I woke too late to write yesterday morning.  I needed the time to get ready for Church.  I was glad to get to go.  We had lunch at M.G. and Ryan's house.  They are building a large beautiful deck under a nice big tree, connected to the house + a "HOT TUB'"  Wow, what will they think of next?  They keep something of interest going all the time. They also have a nice trip planned  I say more power to them.  I am glad my grandchildren have the travel bug.  We heard all about Sophie and Paul's next one too.  Bryan and Ashley are off to Italy next and then the move to Indiana University.   Such a lot going on and a new baby girl is on the way for Cary and David.  Ivy and Tripp moved to new job.  It is a lot to keep up with.  Bless them all.

Today Marshall Ramsey is coming to speak.  Everybody is excited.  Me too.  I sure do hope to go.       I spent a short time on the Balcony.  It was pleasant and I enjoyed it. 

Betty Boop  

July 28, 2018

ANOTHER SATURDAY

I fully intended to go to breakfast with the group that I like so much.   They all have said they miss me.  I woke at 7 and too late to get moving down there by 7:30.  Missed it again.  I just seem to need more sleep lately.  I am worried about that.  I even go to bed sometime by 9:30 and sleep well, but here I am getting old and needy of sleep.  I even take a nap and sometime that gets extended from one half hour to one hour.  Going backward . Coffee on Balcony is still pleasant early.  It was so still and quiet. 

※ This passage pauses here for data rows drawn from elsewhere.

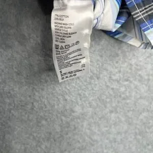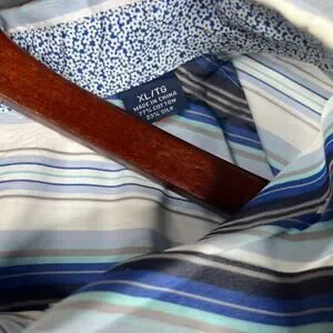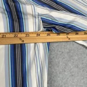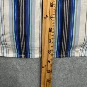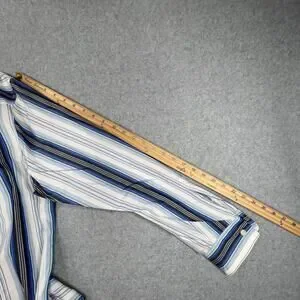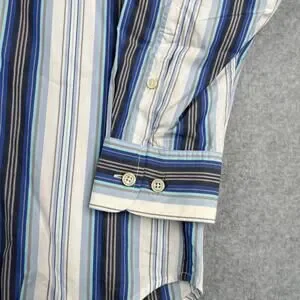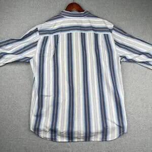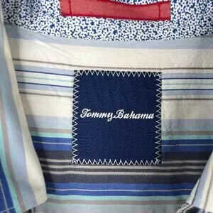 This Tommy Bahama XL blue striped silk blend button-up shirt is perfect for a casual occasion or party. Made with a luxurious silk and cotton fabric, it features a collared neckline, long sleeves, and a point collar style. The Hawaiian beach theme adds a touch of fun and flair to the shirt, making it a versatile piece for all seasons. The regular fit and XL size ensure a comfortable and stylish look for any man's wardrobe.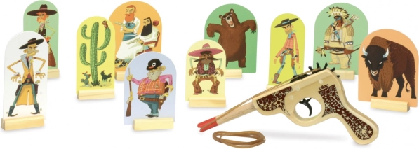 Pastatykite taikinius, užtempkite gumytę ir pakvieskite šeimą ar draugus į „dvikovą“ svetainėje. Kokybiškas medinis atlikimas užtikrina patvarumą ir ilgą žaislo tarnavimo laiką, o patrauklus vesterniškas dizainas sužavės mažuosius šaulelius.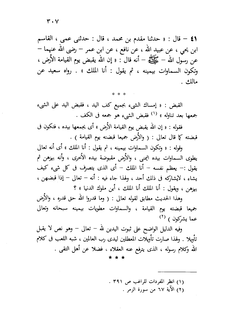 وهذا الحديث مطابق لقوله -تعالى-: {وَمَا قَدَرُوا اللَّهَ حَقَّ قَدْرِهِ وَالأَرْضُ جَمِيعًا قَبْضَتُهُ يَوْمَ الْقِيَامَةِ وَالسَّماوَاتُ مَطْوِيَّاتٌ بِيَمِينِهِ سُبْحَانَهُ وَتَعَالَى عَمَّا يُشْرِكُونَ} (¬2) .
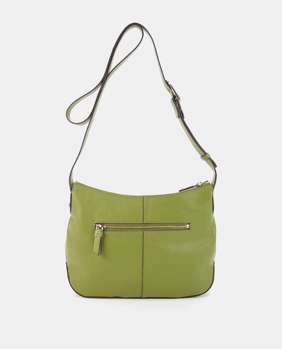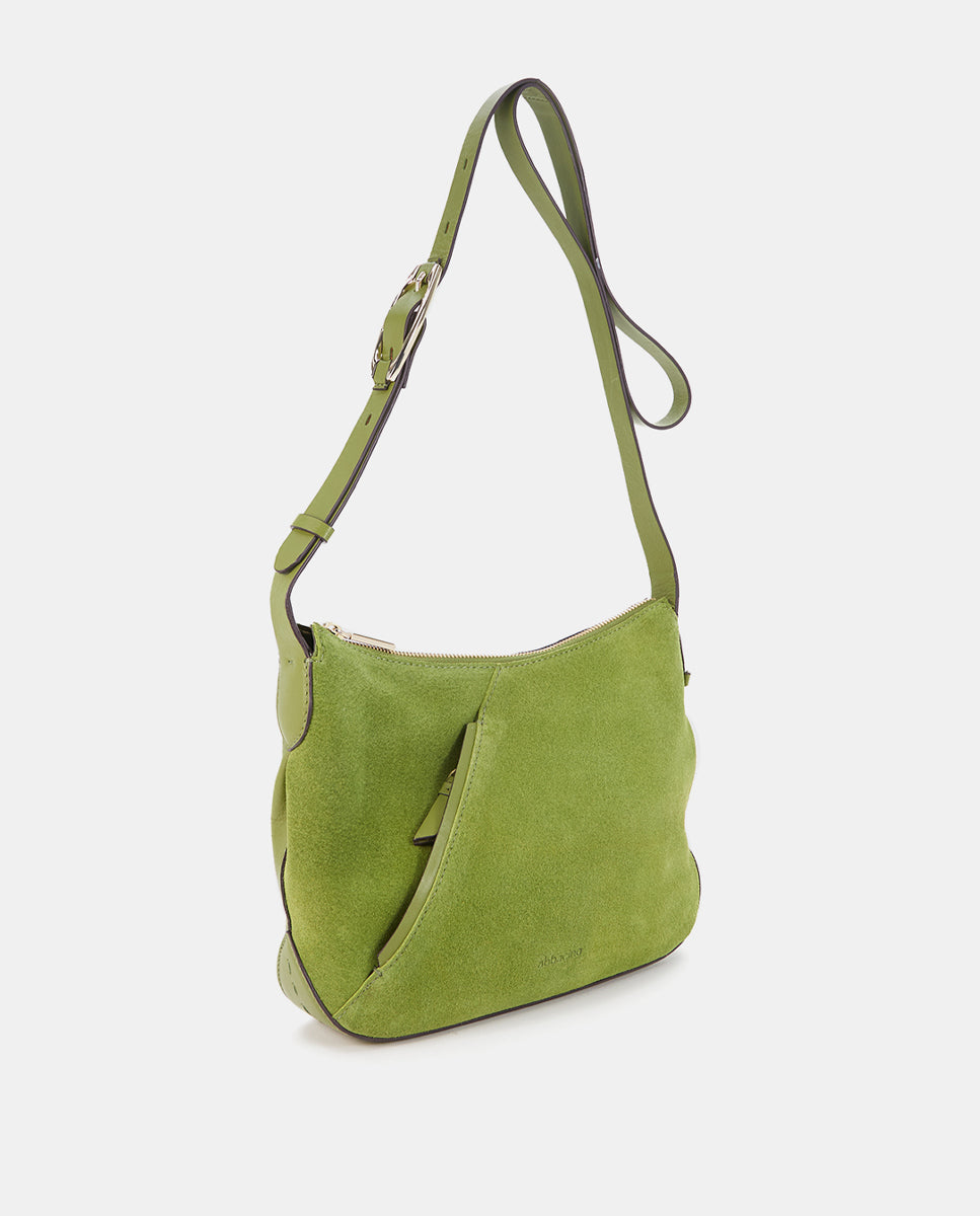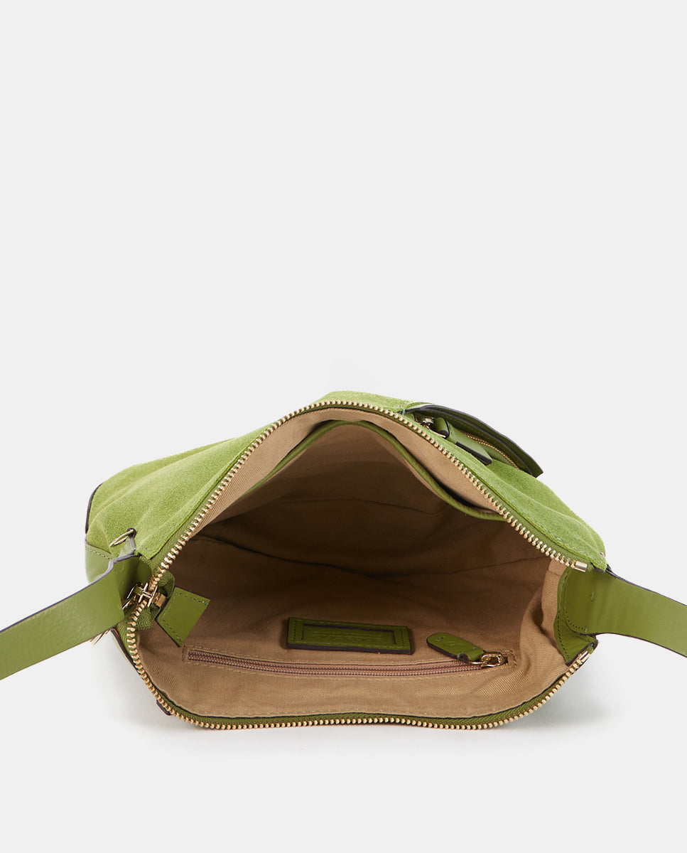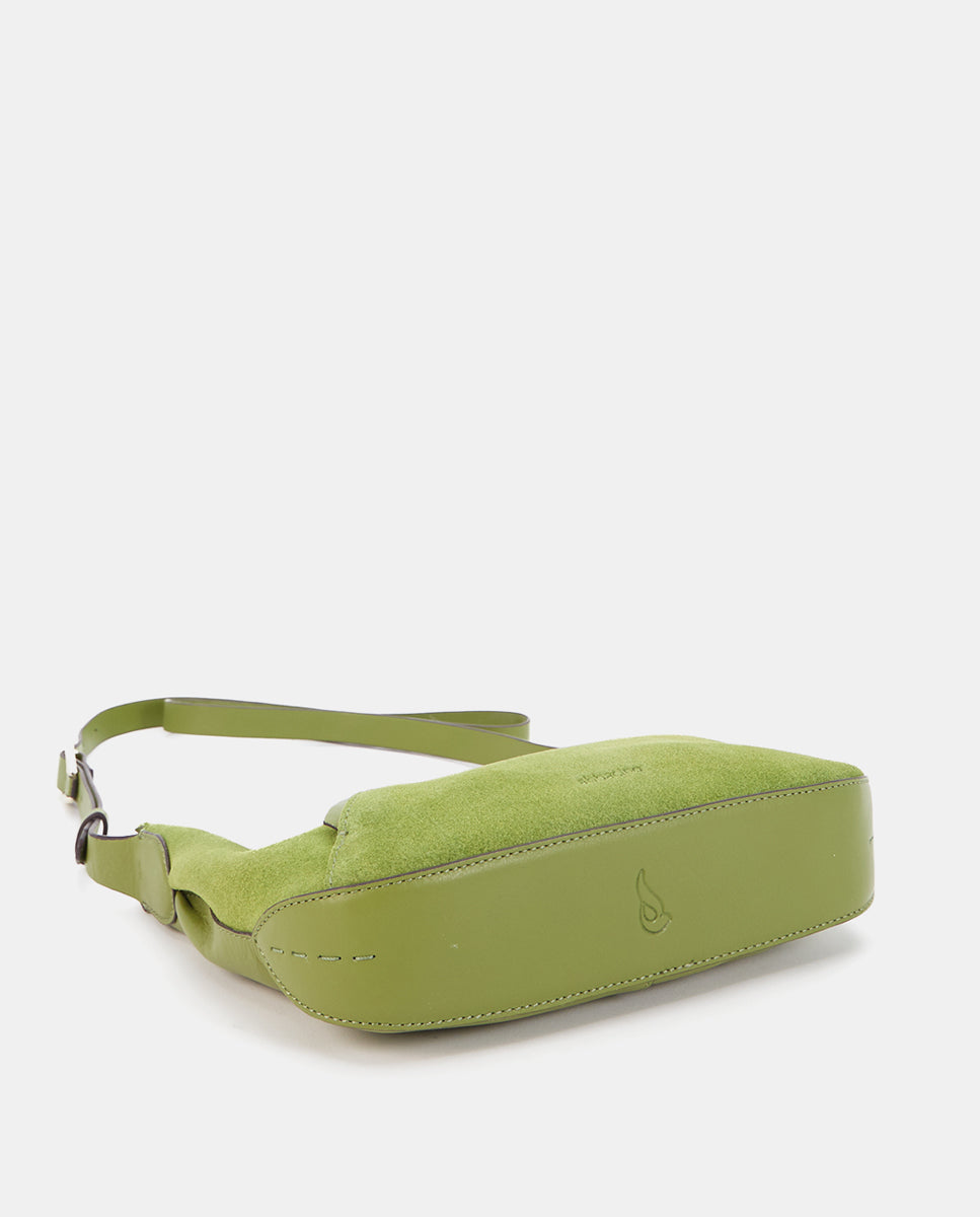Bandolera en piel y serraje verde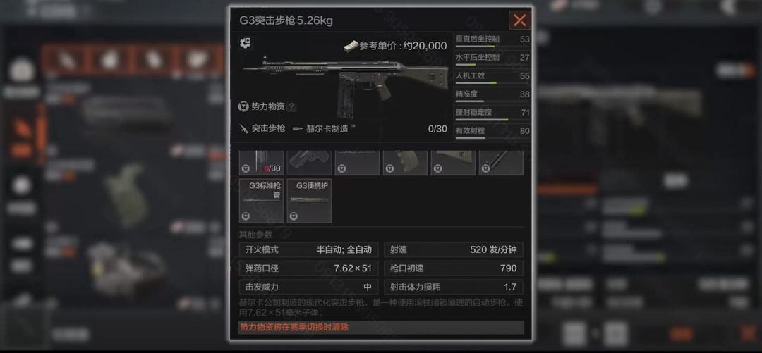 再来我们看看新增的武器,G3突击步枪与SG550突击步枪。G3突击步枪,科伦提供的势力物资,采用滚柱闭锁结构,使用7.62x51口径子弹,因高精度和高伤害闻名。

Amy came yesterday and filled my grocery list I gave her.  My, she is a "gem."  She gets so many things done.  Working on a big project and keeping up with her Church work and family and friends is a full time job.  And Ed retired and needs her attention too. Bless her Lord and give her strength too. 

Poem is stuck and wont move on.  Too much else on my mind I guess.  Maybe a shampoo and doing my laundry will help my mood.  Or maybe --"Better tomorrow."

Betty Boop

July 27, 2018

LOOK AROUND

I  was sitting in  the Bubble the other day and it was so pretty.  The Meadow across the lake had been just mowed,  That is a BIG job, but made doable by the big machine they have.  It looked so green from the rain and I love to look at it.  Hope I never see the day when someone decides to build it out.  It has been mentioned before.  The thought came to me.  "Little Dot, just look where you are."  Now I have thought, like many others, how blessed I am to be living here.  Never would I had thought a little girl, born in 1927, in an old house on South Congress street (not there anymore) would end up here.  It was not a new thought to be sure, but somehow it came to me strong and clear.  The Lord is good to me.  Look around and count your blessings, I thought.  So I did.  I have to daily remind myself of how much I am blessed.

End of Sermon again!!!
Betty Boop

July 26, 2018

NOTHER MESS UP

SCROLL WAY WAY DOWN

MORE DOG DAYS


























































Even the birds seem to be observing the"dog days" So quiet--not a peep.  I saw three Nuns walking.  Two of them were visitors I think.  Sister  (can't remember her name) seemed to be leading them and showing them around the Lake.  Mass is at 9 and I guess they were getting a walk in after breakfast and before Mass.  You can't tell them from anyone else.  I bet they are glad to wear normal clothes, especially during this hot weather. All the ones I have met are very special people.  They work hard.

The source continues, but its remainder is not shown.